Exercise directions: For this exercise, retype all the data exactly and exclude every image.

Information provided:
== Segment start ==

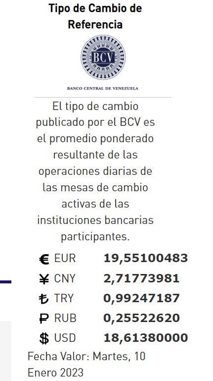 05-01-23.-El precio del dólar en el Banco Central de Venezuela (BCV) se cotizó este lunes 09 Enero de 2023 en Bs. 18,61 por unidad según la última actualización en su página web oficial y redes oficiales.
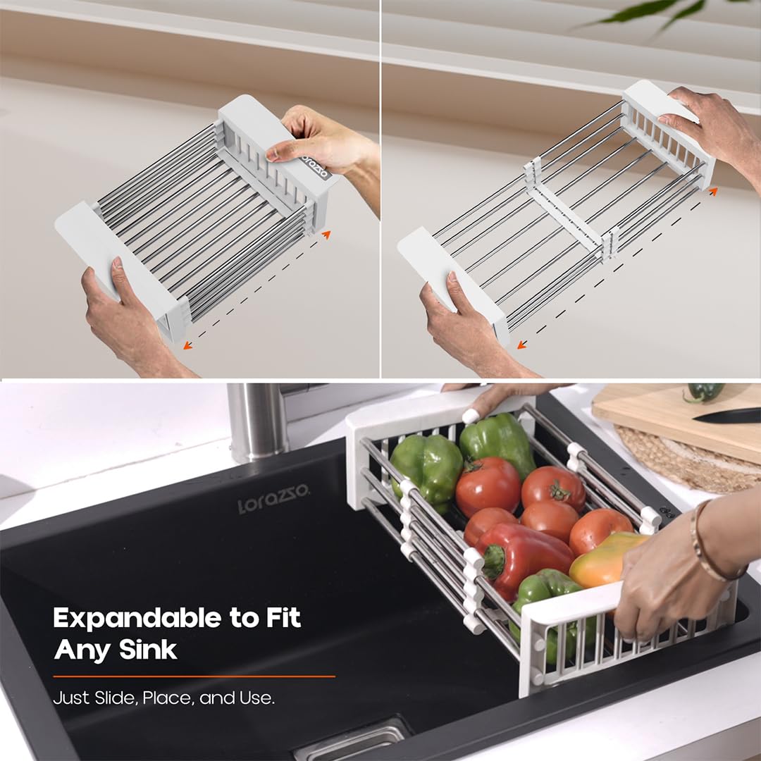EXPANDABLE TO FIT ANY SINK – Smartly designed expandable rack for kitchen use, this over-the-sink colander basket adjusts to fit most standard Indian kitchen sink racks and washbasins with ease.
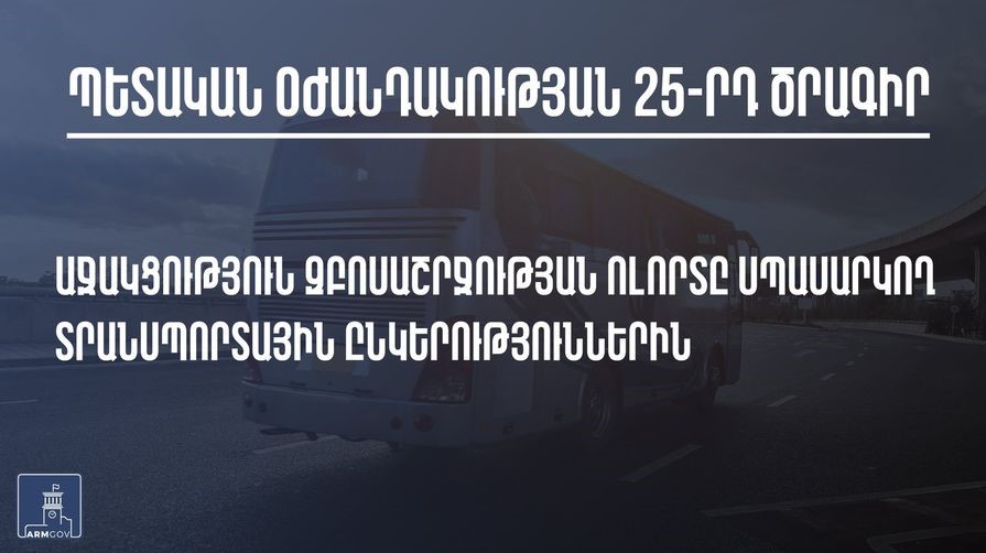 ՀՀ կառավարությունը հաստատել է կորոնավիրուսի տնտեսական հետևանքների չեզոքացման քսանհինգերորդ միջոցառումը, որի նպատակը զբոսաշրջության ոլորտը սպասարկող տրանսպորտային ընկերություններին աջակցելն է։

== Segment end ==

Your response:
 05-01-23.-El precio del dólar en el Banco Central de Venezuela (BCV) se cotizó este lunes 09 Enero de 2023 en Bs. 18,61 por unidad según la última actualización en su página web oficial y redes oficiales.
EXPANDABLE TO FIT ANY SINK – Smartly designed expandable rack for kitchen use, this over-the-sink colander basket adjusts to fit most standard Indian kitchen sink racks and washbasins with ease.
 ՀՀ կառավարությունը հաստատել է կորոնավիրուսի տնտեսական հետևանքների չեզոքացման քսանհինգերորդ միջոցառումը, որի նպատակը զբոսաշրջության ոլորտը սպասարկող տրանսպորտային ընկերություններին աջակցելն է։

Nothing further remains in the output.